Assignment: Would you print the lines below exactly, beginning at the line that has "Sada zahradních pohovek" and stopping after the line that has "- 统一框架:将 iptables"? Only those lines, and no pictures.

Material shown:
⟨
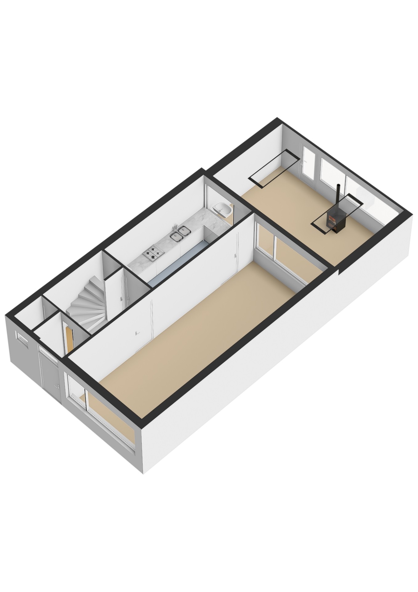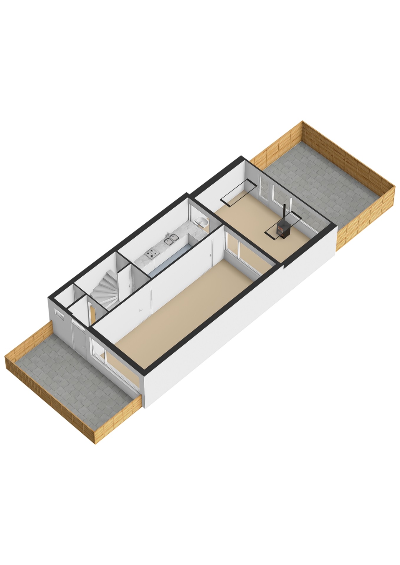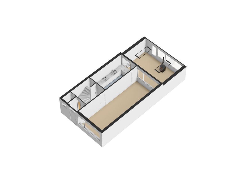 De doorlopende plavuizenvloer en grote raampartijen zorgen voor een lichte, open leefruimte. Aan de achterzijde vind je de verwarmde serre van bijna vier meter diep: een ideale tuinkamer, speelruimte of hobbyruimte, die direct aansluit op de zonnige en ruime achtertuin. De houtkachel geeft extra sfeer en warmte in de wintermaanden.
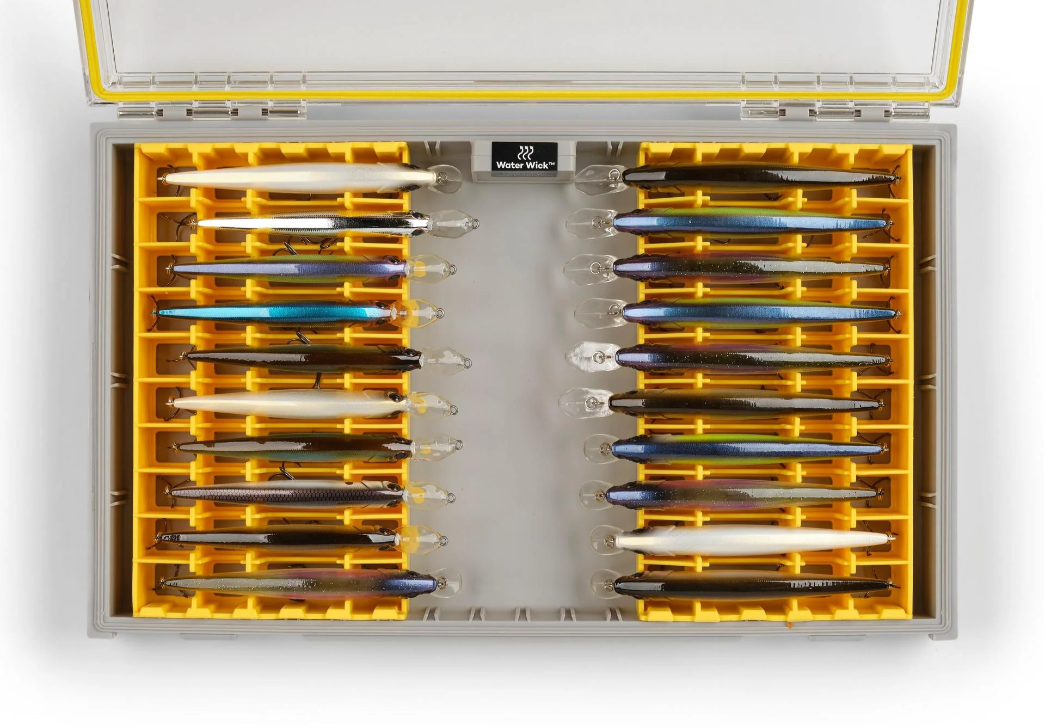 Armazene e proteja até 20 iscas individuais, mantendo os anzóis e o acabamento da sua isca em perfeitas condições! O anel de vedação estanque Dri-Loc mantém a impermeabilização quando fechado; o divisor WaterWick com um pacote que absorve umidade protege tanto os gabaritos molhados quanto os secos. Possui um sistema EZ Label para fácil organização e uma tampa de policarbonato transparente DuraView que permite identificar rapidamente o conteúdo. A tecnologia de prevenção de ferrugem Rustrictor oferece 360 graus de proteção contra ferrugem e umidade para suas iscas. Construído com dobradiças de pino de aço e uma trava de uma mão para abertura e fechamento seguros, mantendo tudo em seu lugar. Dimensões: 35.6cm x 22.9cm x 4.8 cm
⟩
⟨
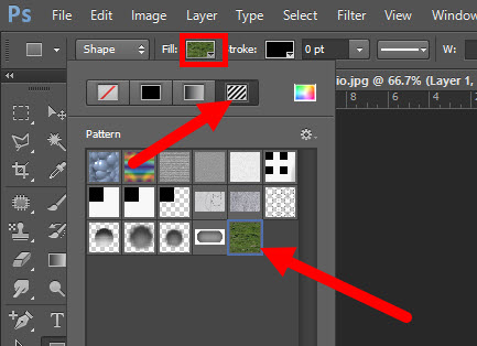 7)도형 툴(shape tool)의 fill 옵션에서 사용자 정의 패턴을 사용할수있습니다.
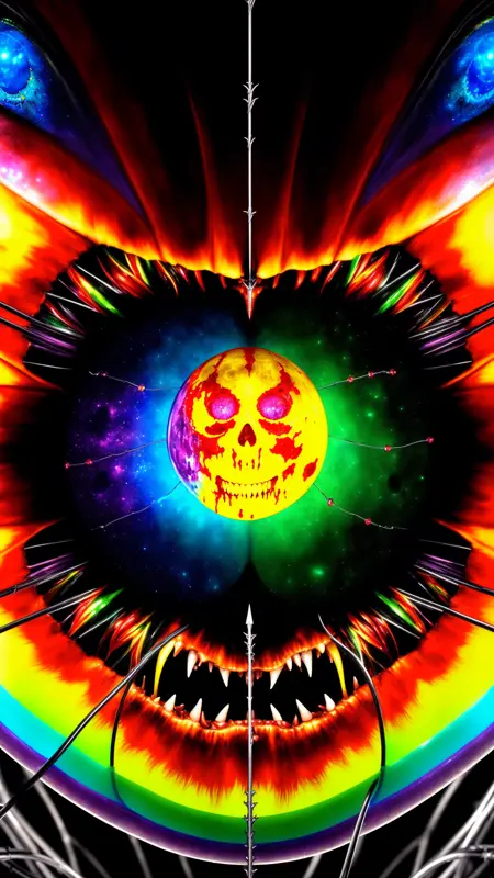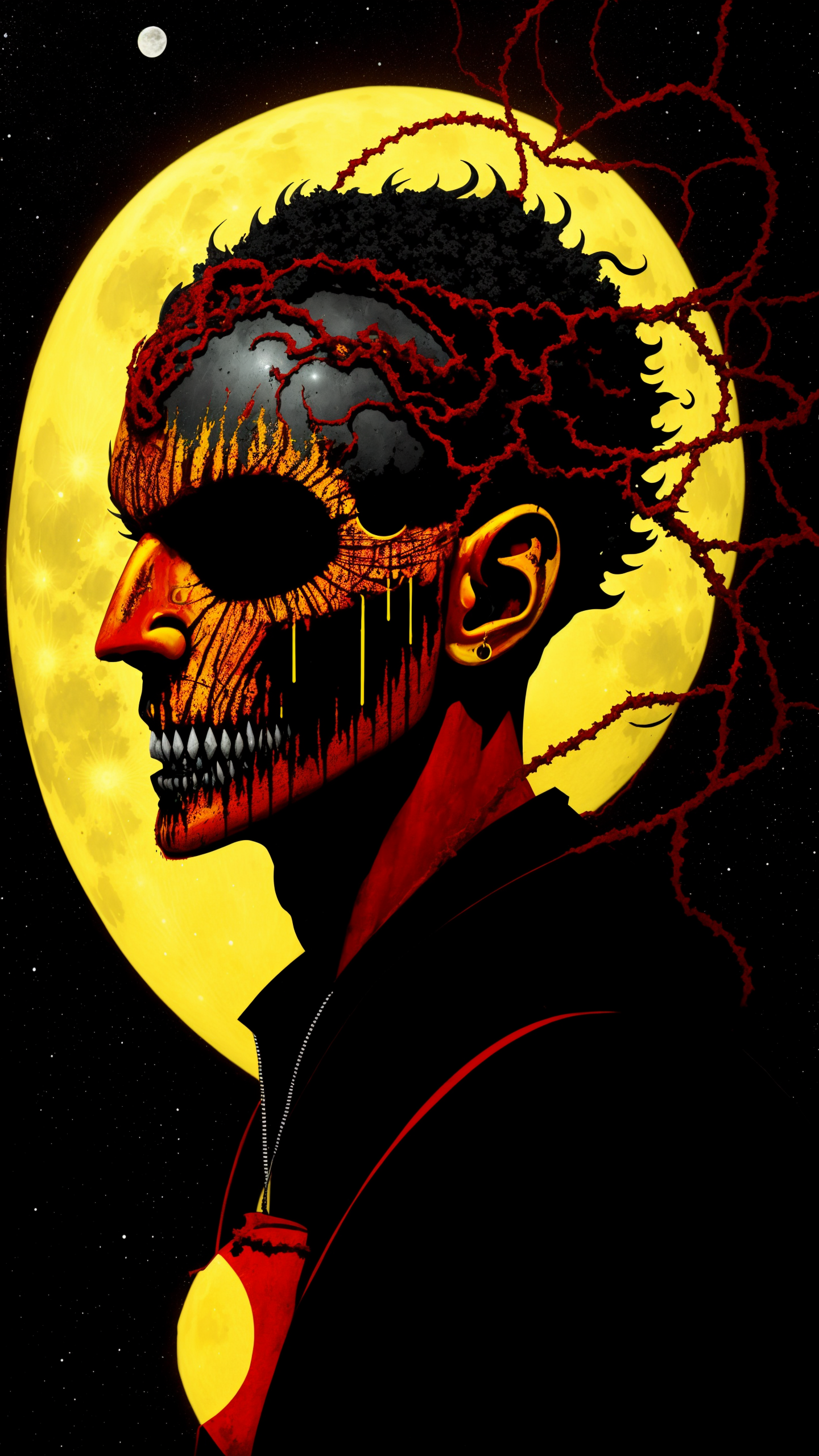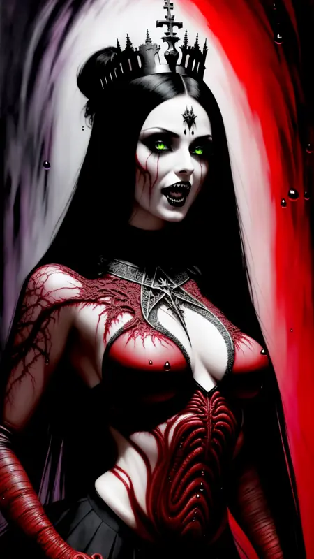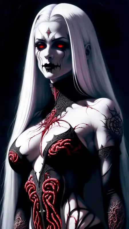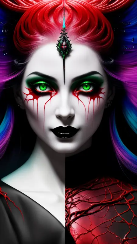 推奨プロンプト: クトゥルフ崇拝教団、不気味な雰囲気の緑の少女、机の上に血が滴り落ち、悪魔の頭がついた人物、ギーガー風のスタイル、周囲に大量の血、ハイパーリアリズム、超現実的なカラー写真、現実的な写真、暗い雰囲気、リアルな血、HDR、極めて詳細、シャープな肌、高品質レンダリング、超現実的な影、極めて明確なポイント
⟩
⟨
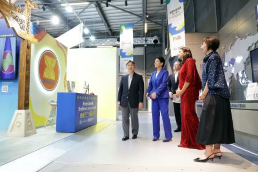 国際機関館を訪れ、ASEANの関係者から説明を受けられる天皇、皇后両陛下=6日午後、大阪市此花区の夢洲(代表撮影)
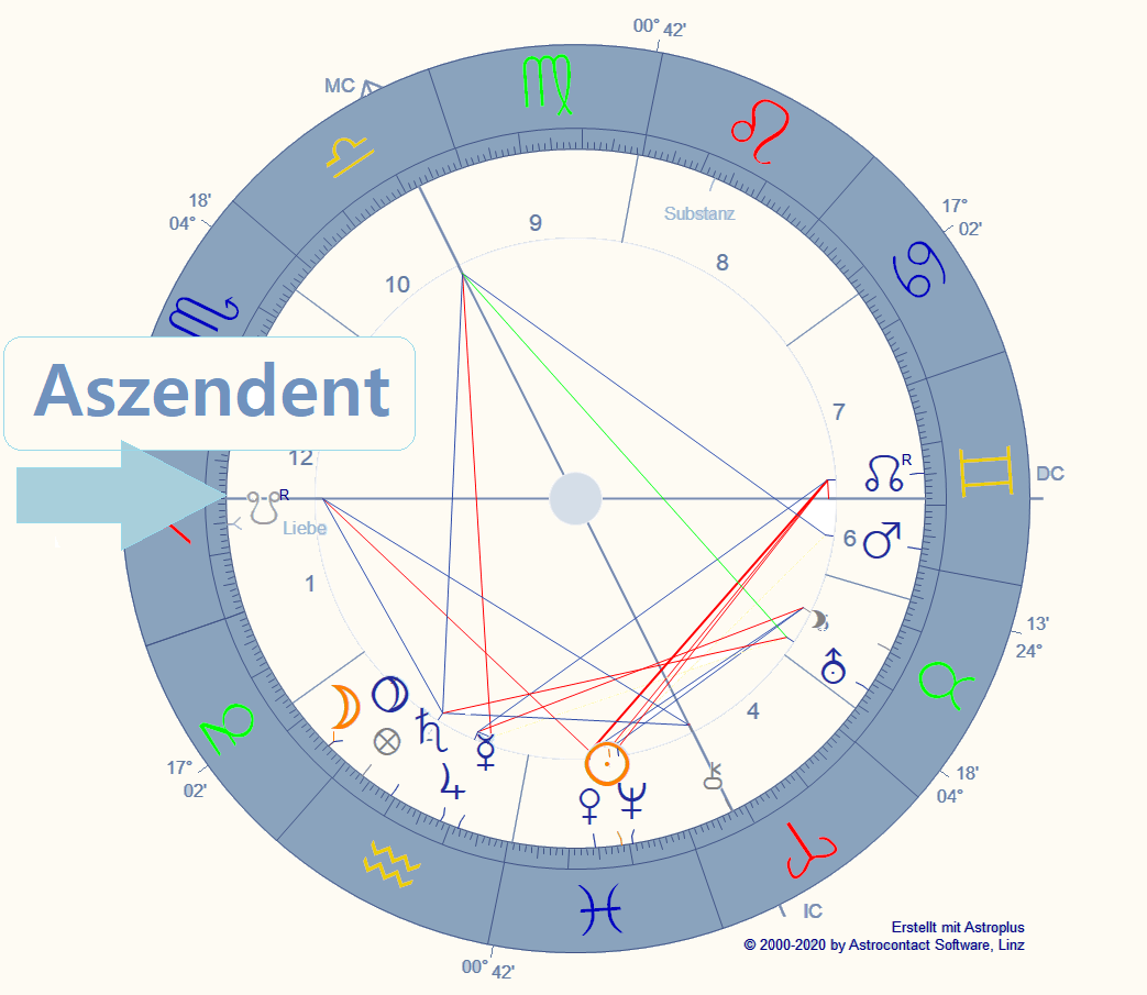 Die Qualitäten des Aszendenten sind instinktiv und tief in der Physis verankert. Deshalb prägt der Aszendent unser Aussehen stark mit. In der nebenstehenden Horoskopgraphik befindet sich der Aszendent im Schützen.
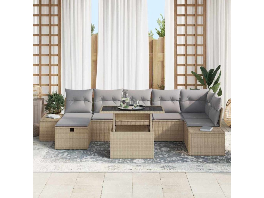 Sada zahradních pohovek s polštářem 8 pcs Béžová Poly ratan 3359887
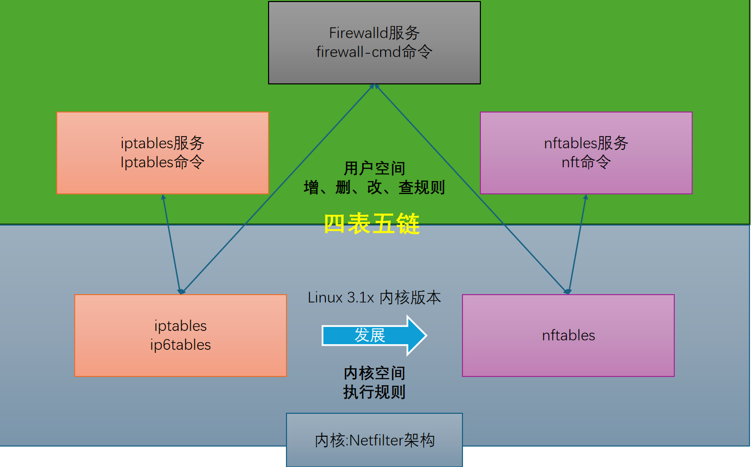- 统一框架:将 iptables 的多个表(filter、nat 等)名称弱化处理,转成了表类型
⟩
Answer to this task:
 Sada zahradních pohovek s polštářem 8 pcs Béžová Poly ratan 3359887
- 统一框架:将 iptables 的多个表(filter、nat 等)名称弱化处理,转成了表类型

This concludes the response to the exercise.